Patrick Odier, scion of one of Switzerland’s most illustrious banking dynasties, has brought me a chocolate cauldron.

A lot has changed in Swiss banking during Odier’s 40-year career at his family firm — including, in the past decade or so, a tumultuous if qualified end to its most celebrated quality, unyielding secrecy — but this gift is not, it turns out, a metaphor for the integrity of Swiss finance.

It is a wintry Friday in Geneva and the snow is falling hard. At the weekend the city will celebrate the Fête de l’Escalade, commemorating a victory over the Catholic duchy of Savoy in 1602. The heroine of the show is an old lady and her stock pot — the defenestration of which, in legend, alerted the city watch to a devious night-time attempt by Charles Emmanuel I’s troops to storm the walls. The Genevois gift dinky chocolate cauldrons every second Sunday of advent in remembrance.

“It happened just over there,” Odier tells me shortly after we meet, recounting a miniature history lesson on his home city — a masterclass in introductory charm — as he points across a slush-covered street towards the university.

We’re meeting for lunch at Le Philanthrope — a modern French restaurant, which, I teasingly suggest to Odier, he has chosen for its name as a not-so-subtle piece of public relations work. He protests: one of his daughters works as a lawyer across the road, he says, and this is their lunch spot. And besides, the crowd is very agréable: there are, noticeably — Odier points this out himself — very few banker-types in here. Filament bulbs dangling, fashionably, from looping cords and a wallpapered feature wall give it a slightly over-designed air, but the place is packed.
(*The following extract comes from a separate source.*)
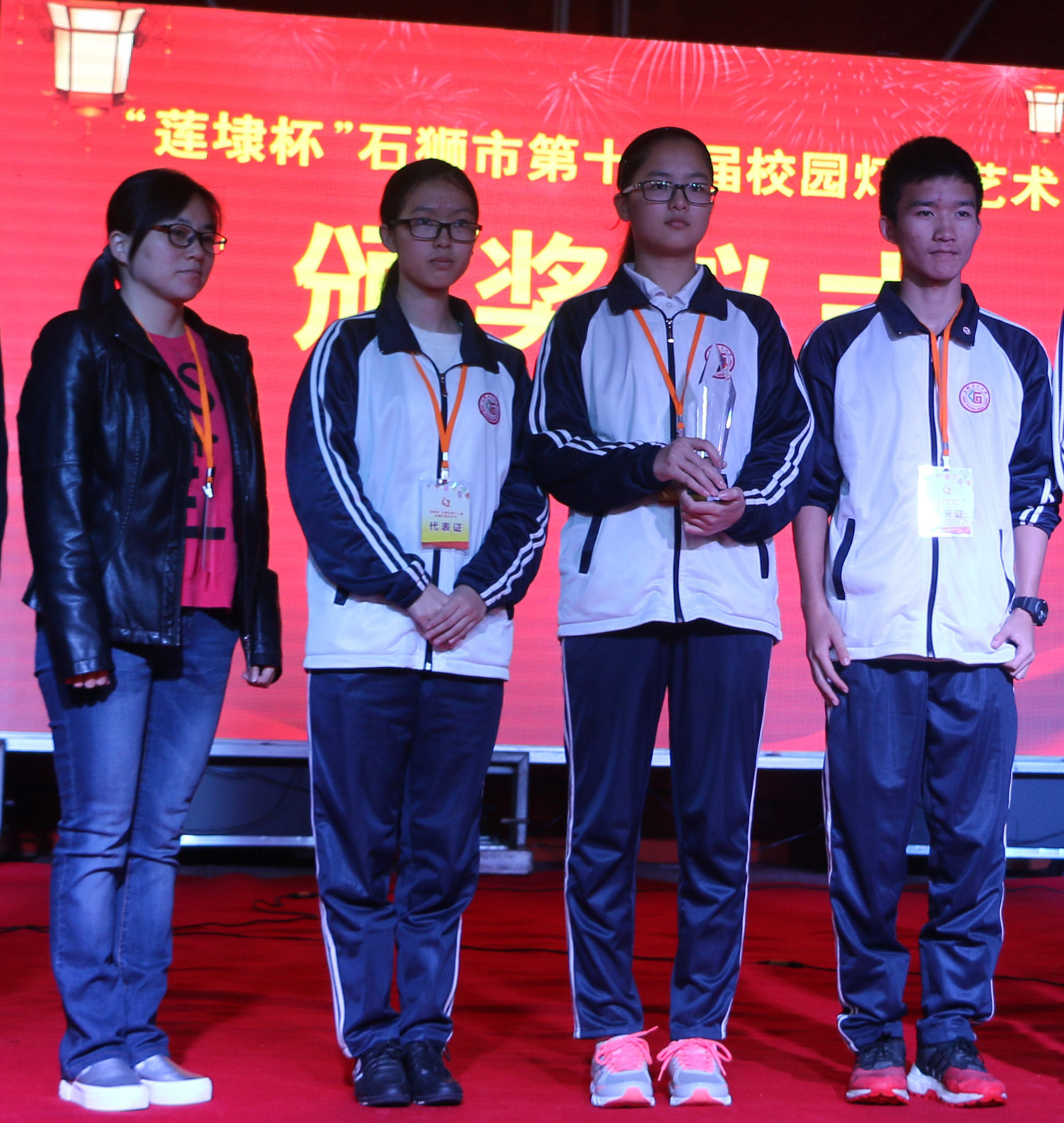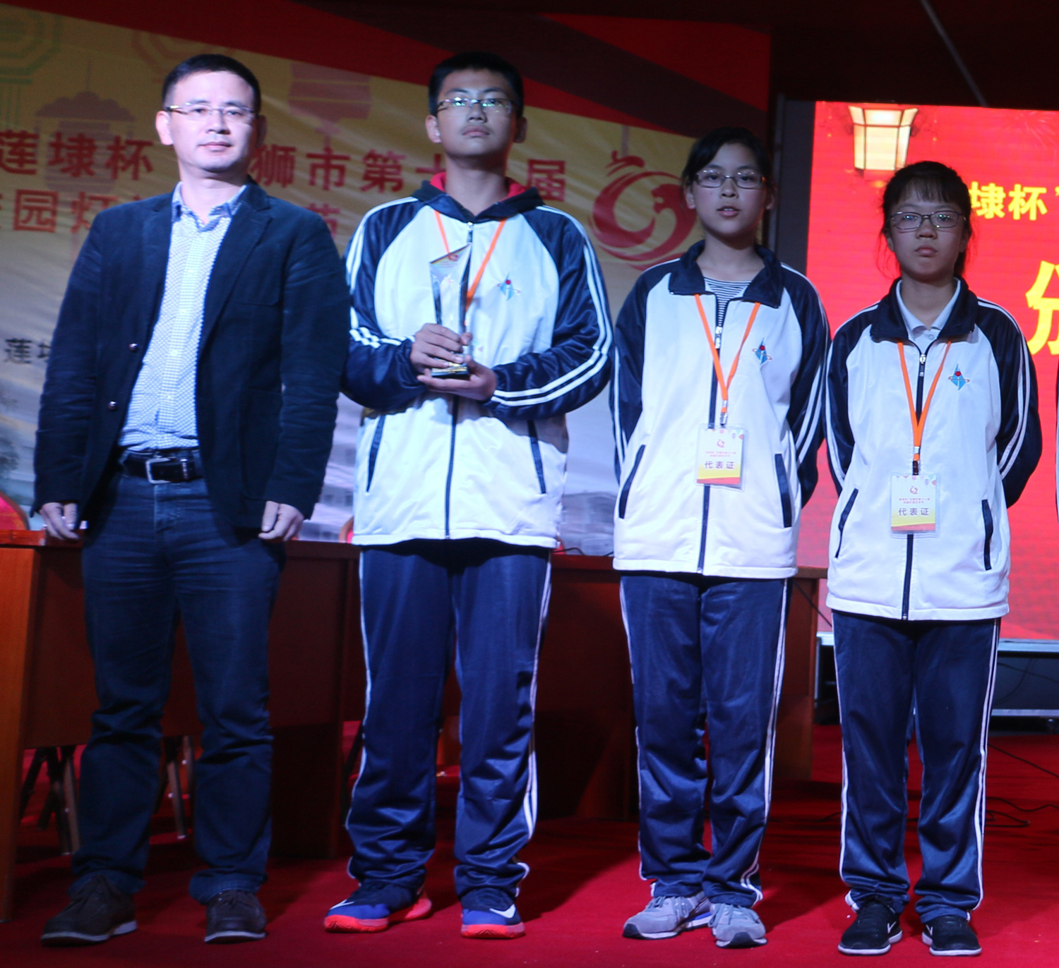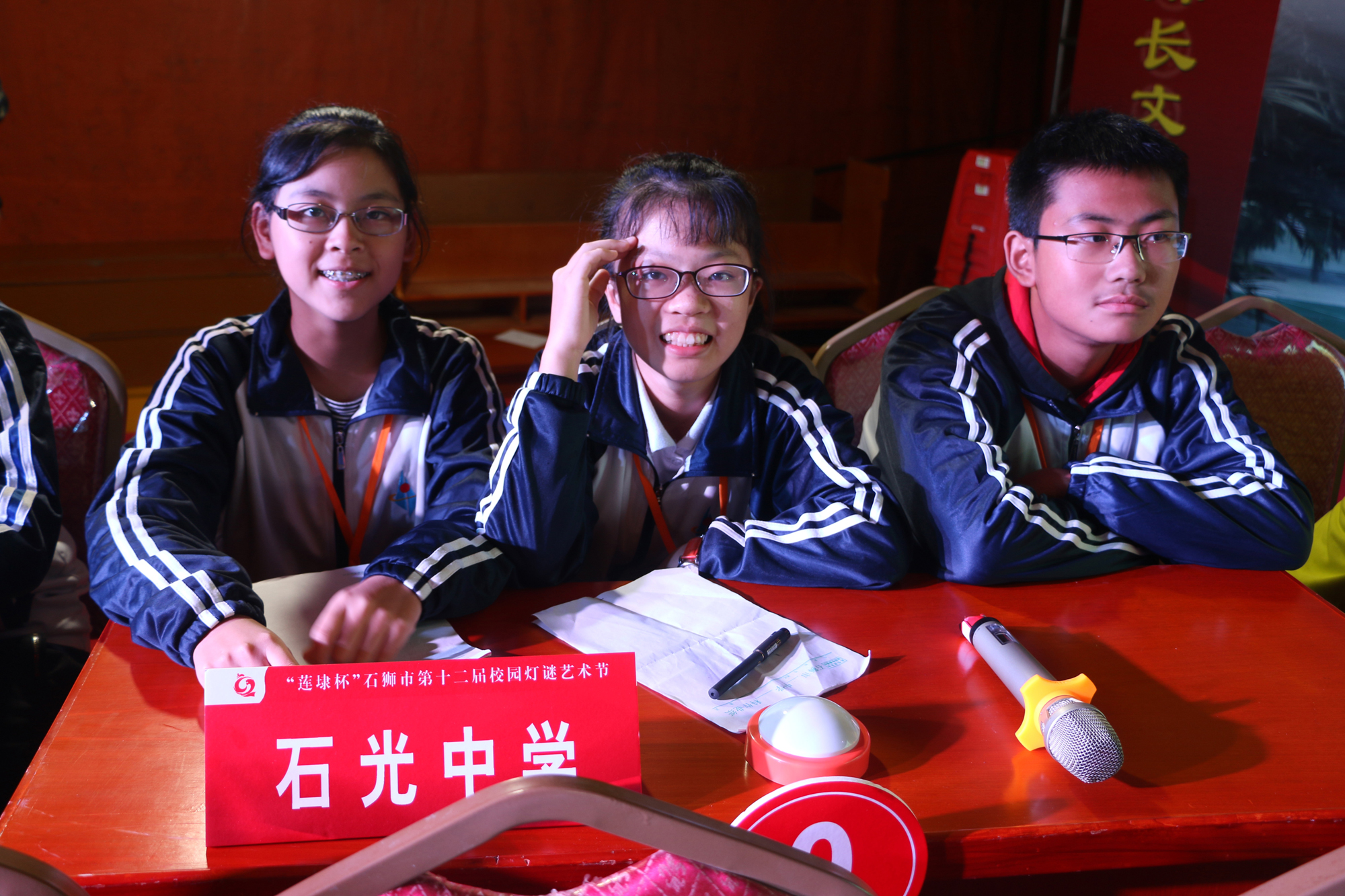 本届校园灯谜艺术节比赛项目分为个人项目及团体项目,经过两天的角逐,石光中学灯谜代表队在教师组个人赛、高校高中组团体赛和初中组团体赛中均获得了电控竞猜一等奖的好成绩。在个人笔猜赛中,林俊兴同学和张雯雯同学分获高校高中男子组和女子组一等奖。薛紫涵同学获得灯谜命题创作赛一等奖。

Odier, 67, is slight and spry, wearing a dark grey suit, a white shirt and a light blue gilet. “I’ve always had to ensure that my words corresponded to my duty . . . but now if I can express myself a little more openly, I will do,” he says, smiling, deftly wielding the conditional caveat.

Switzerland does not have an aristocracy but, if it did, Odier would be towards the top of it. Banking is a national institution and Lombard Odier — founded in 1796, ultra-careful, ultra-discreet, owned and controlled by just six partners — probably comes close to embodying its ideal.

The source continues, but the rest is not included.